Österreich: „Wir dürfen nicht alles, was wir können"


Kardinal Christoph Schönborn hat einmal mehr an die Politik appelliert, beim Gesetz zur Fortpflanzungsmedizin zu bremsen und es nicht in der derzeit geplanten Form in Kraft treten zu lassen. Das Gesetz sei ein Dammbruch, so der Vorsitzende der Bischofskonferenz im „Kathpress"-Gespräch. Schönborn: „Wir dürfen nicht alles, was wir können." Statt „Husch-Pfusch" brauche es eine breite Diskussion, forderte Schönborn. Schließlich gehe es hier um Grundfragen des Menschenbildes und der Humanität.

Die Gesellschaft habe die Tendenz, dass sie Minderheitenprobleme zu Großthemen mache. Jener Personenkreis, der von der Fortpflanzungsmedizin betroffen ist, sei gesamtgesellschaftlich gesehen im Promillebereich. Dafür würden unheimliche technische Aufwendungen getroffen, während es weltweit viel dringlichere Probleme gebe. Freilich sei hier sehr viel Geld im Spiel. In der Debatte würden beispielsweise die wirtschaftlichen Interessen einiger Befürworter des Gesetzes völlig ausgeblendet, wie auch die mit der In-vitro-Fertilisation verbundenen medizinischen Risiken. Hier stelle sich schon die Frage, ob hinter dem geplanten Gesetz wohl nicht mehr handfeste ökonomische Gründe stünden als der humanitäre Wunsch, Menschen bei ihrem Kinderwunsch zu unterstützen. Das geplante Gesetz sei jedenfalls ein ethischer „Dammbruch“, so Schönborn: „Wir dürfen nicht alles, was wir können."

Der Widerstand, der sich gegen das neue Gesetz manifestiert, sei keine konfessionelle Engstirnigkeit einiger Katholiken, sondern viel breiter angelegt. Nachsatz: Erstmals würden alle katholischen Organisationen in seltener Eintracht gemeinsam gegen eine gesellschaftliche Entwicklung auftreten.

Verfassungsrechtliches Euthanasieverbot

Schönborn bekräftigte einmal mehr die Forderung der katholischen Bischöfe, das Verbot der Sterbehilfe in der Verfassung zu verankern. Damit werde ein deutliches Zeichen gesetzt, „dass Euthanasie mit den elementarsten Menschenrechten nicht vereinbar ist", so der Kardinal wörtlich. Euthanasie sei klar die Tötung eines Menschen, wie auch die Abtreibung.

Die bei der Abtreibung gewährte Straffreistellung habe sich bei vielen Menschen zu einem gefühlten Rechtsanspruch gewandelt.
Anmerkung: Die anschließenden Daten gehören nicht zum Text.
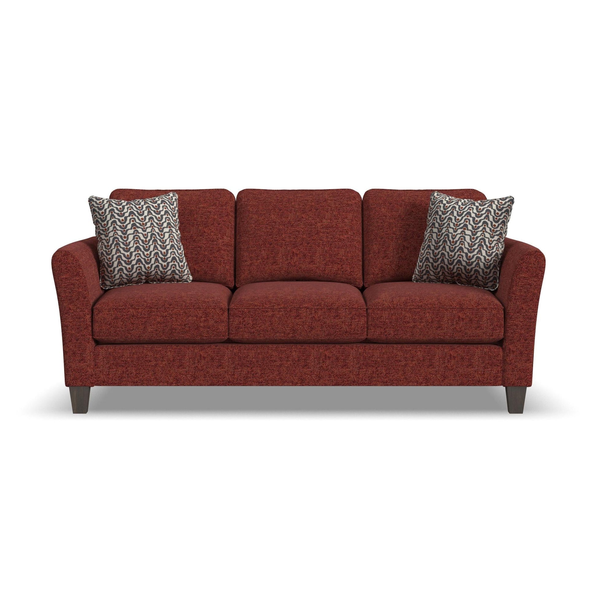 Libby is a transitional stationary style with clean lines and graceful curves. Its off-the-floor frame is complimented by square tapered legs. This sofa features an elegant roll arm with a detailed welt trim. Two square accent throw pillows are provided. The posh and plush style of Libby fits in with many home décor spaces.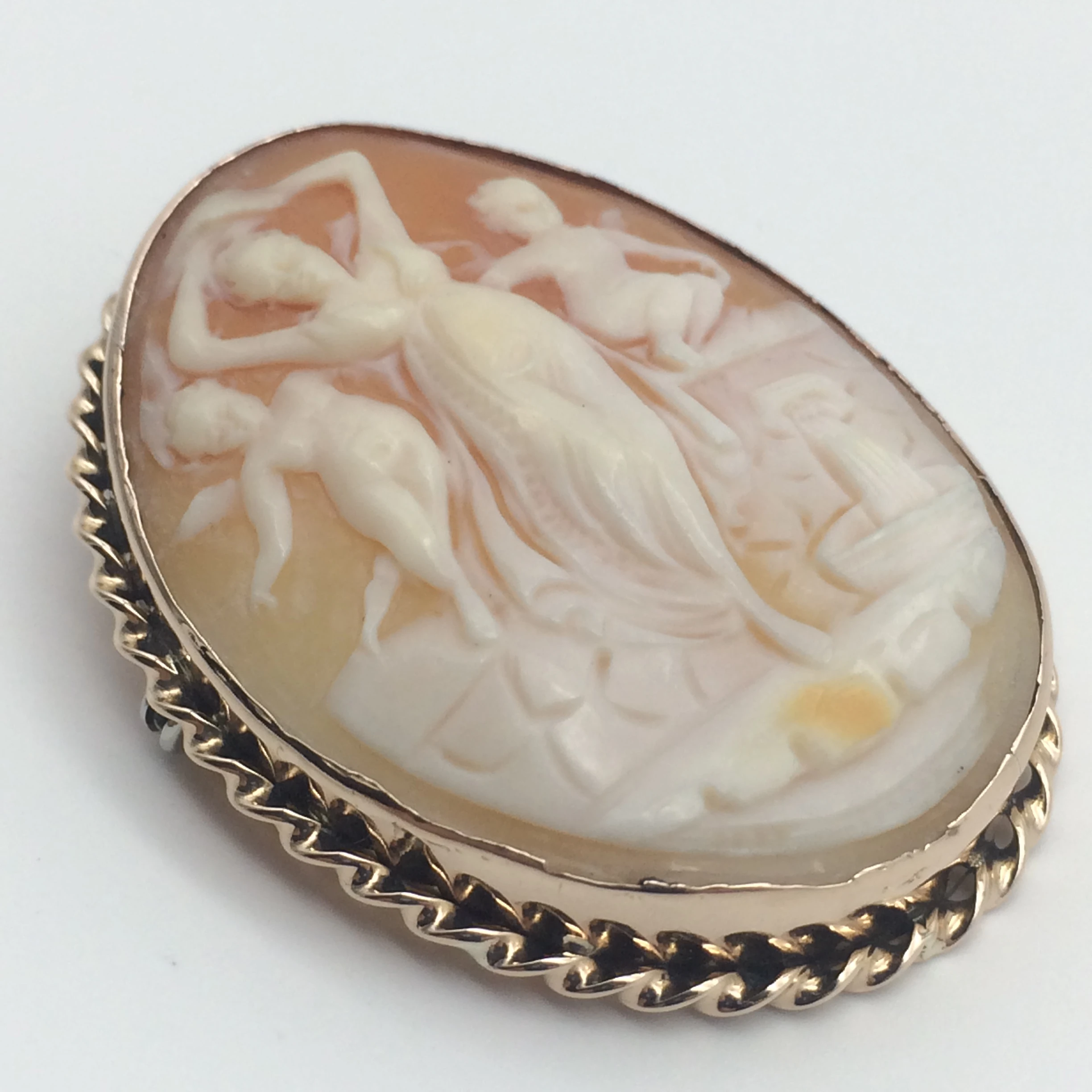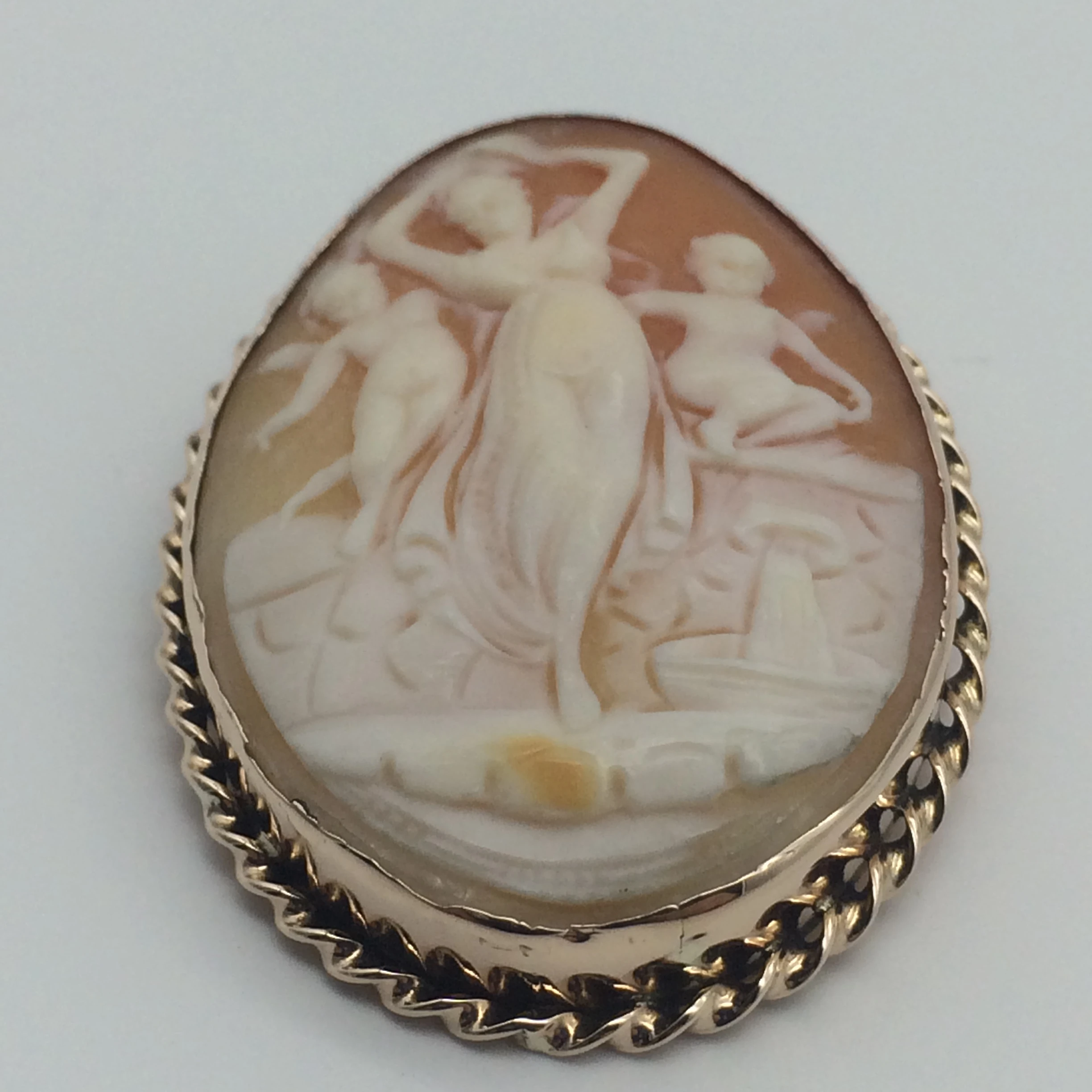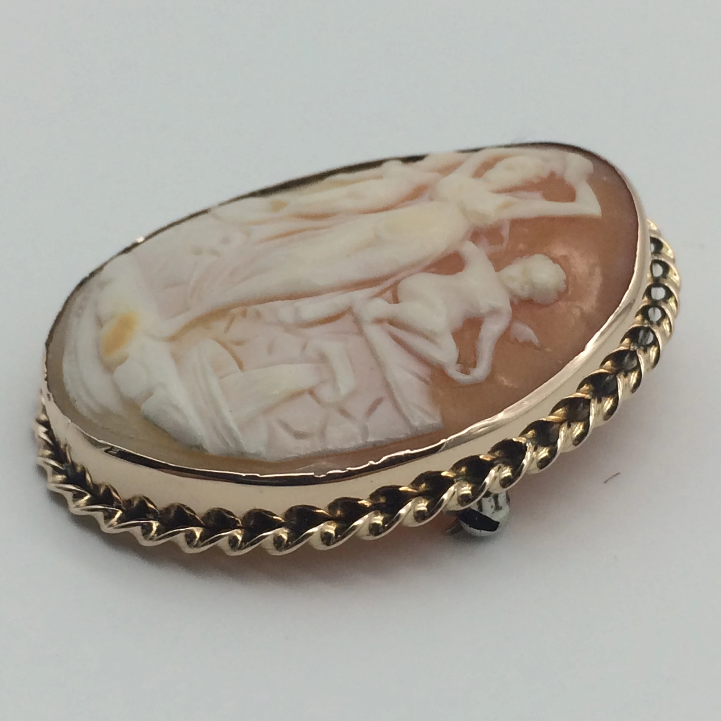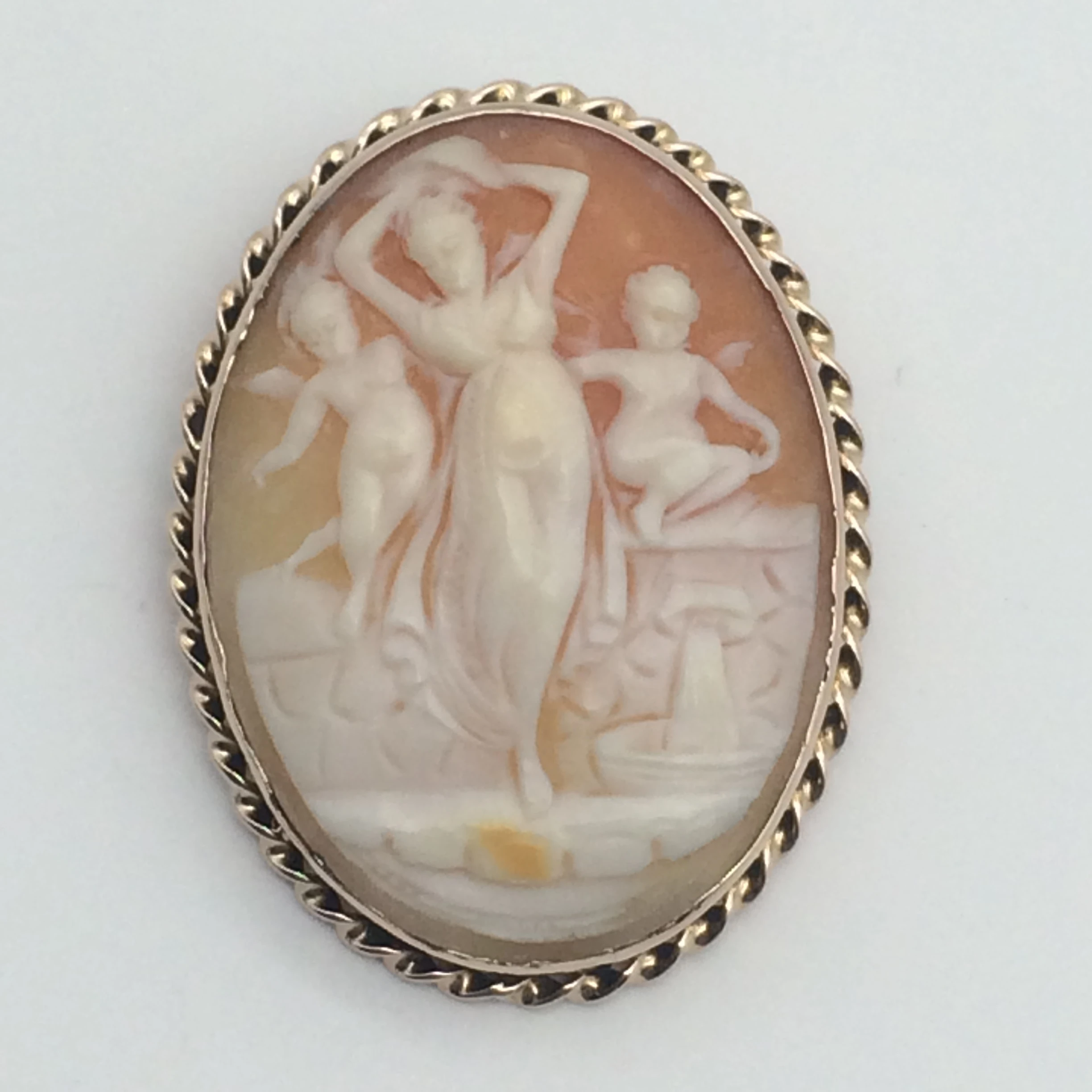 This early, beautifully carved cameo features a lady and two small cherubs, one on either side of her. The cameo is carved from cornelian shell and is set in an oval 9ct gold frame decorated with a gold twisted rope around the edge. With a secure pin and hanger, it can be worn either as a pendant or brooch. It is in excellent condition and dates to the early 1900’s. It is stamped ‘9ct’ on the inside of the frame, measures 4.5cm x 3.3.cm and weighs 12.3g.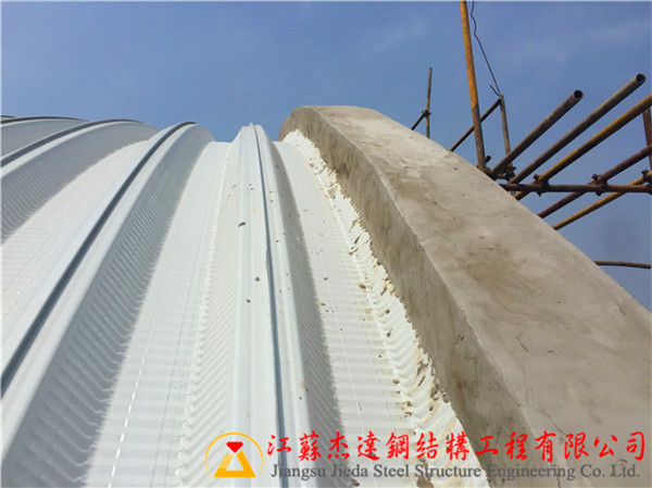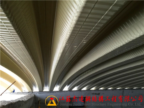 安徽安天食品糧庫拱形屋頂安裝工程采用彩涂卷材和聚氨酯保溫層,結構設計合理,施工周期合理,保障了項目順利完成。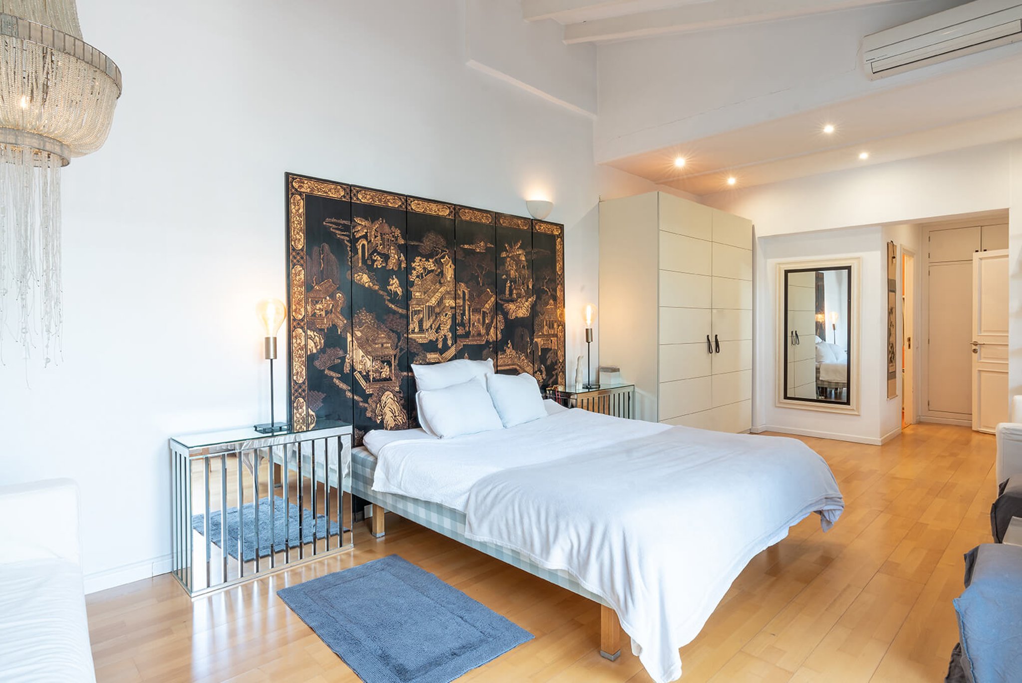 The living area of about 127 m2 is divided into 2 bedrooms and 2 bathrooms en-suite, a spacious living room with large windows and a fully equipped kitchen with an open floor plan in combination with a dining area. From the master bedroom which consists of a loft with bathroom en-suite, you reach the apartment's oasis, the terrace of about 27 m2 which is partially covered. On the wonderful terrace you will find an outdoor kitchen and plenty of space for socializing and to enjoy both the sun and the shade throughout the year. There are also two storage rooms, one of which is used as a laundry room. An underground parking space and another large storage room is included in the price. The apartment has recently been renovated and maintains a high standard.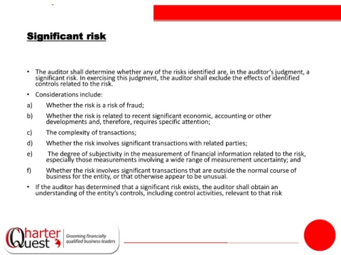 • The auditor shall determine whether any of the risks identified are, in the auditor’s judgment, a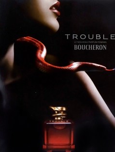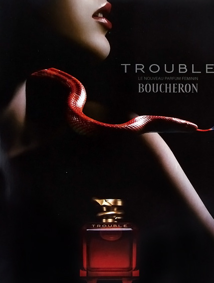 De sieraden van het in 1858 door Frédéric Boucheron opgerichte juweliershuis kunnen eigenlijk maar door één soort vrouw gedragen worden: vurige verleidsters. Want Boucheron-creaties schuwen de controverse niet en belichamen in al hun perfectie de filosofie van het huis: sensualiteit, mysterie en extravagantie. Zegt Boucheron. Een dergelijke omschrijving is ook van toepassing op Trouble. Boucheron spreekt van een liefdesdrank (en tovermiddel) waarmee gepassioneerde, onvoorspelbare maar bovenal fascinerende heldinnen op het voetstuk worden geplaatst die tradities en taboes aan hun laars lapten. Een paar namen. Gravin de Castiglione: beroemd 19de eeuwse oproerkraaister. Mata Hari: legendarische spion. Josephine Baker: superlenige cabaretdanseres. Maria Callas: dé stem van de 20ste eeuw. Marlene Dietrich: mooiste oma-actrice met de mooiste benen. Om de gevaarlijke en verwarrende (troubler betekent in het Frans verwarren) inhoud van de roodgloeiende flacon te symboliseren, wordt de dop beschermd door een kronkelende slang. Want het is niet mis wat er met je gebeurt als je Trouble opent: je dringt een barok koninkrijk binnen waar verleiding, gevaar en verlangen de scepter zwaaien. Een rijke en extravagante wereld, verlicht door kandelaars en behangen met fluweel.

Der gleiche Prozess sei auch im Fall des Erlaubens von Euthanasie zu befürchten. So werde dann wohl auch das Töten am Ende des Lebens bald als selbstverständliches Recht empfunden, warnte Schönborn: „Ein Dammbruch ist bereits passiert, gegen einen weiteren wehren wir uns."

Dass Senioren in den Niederlanden in Pflegeheime in Deutschland drängen, weil sie Angst davor haben, in ihrem Heimatland getötet zu werden, sei eine Entwicklung, die er für Österreich nicht wolle, so der Kardinal.

Familie hat Zukunft

Auf die vatikanische Familiensynode angesprochen, betonte der Wiener Erzbischof: „Ehe und Familie sind eine unglaubliche Erfolgsgeschichte und werden es auch in Zukunft sein." Es handle sich dabei um die „Urform menschlichen Zusammenlebens". Durch die erste vorbereitende vatikanische Familiensynode im vergangenen Herbst sei ihm bewusst geworden, so der Kardinal, dass die Kirche sich zuletzt zu sehr auf Ehe- und Familienprobleme konzentriert habe. Bei allen Schwierigkeiten müsse man stärker den Fokus darauf richten, „was Familien heute alles leisten". Er sei sehr froh, so Schönborn, dass Papst Franziskus genau darauf bei der kommenden Synode das Hauptaugenmerk richten wolle. Die bevorstehende ordentliche Synodenversammlung tagt vom 4. bis 25. Oktober 2015 zum Thema „Berufung und Mission der Familie in der Kirche und der heutigen Welt".

Die Familie, und dazu zähle er auch Patchwork Familien, werde künftig eine enorm wichtige Rolle spielen, zeigte sich Schönborn überzeugt. Der Sozialstaat werde viele Aufgaben nicht mehr erfüllen können, der Familie als solidarischer Gemeinschaft werde große Bedeutung zukommen. Singles würden es künftig hingegen viel schwerer haben.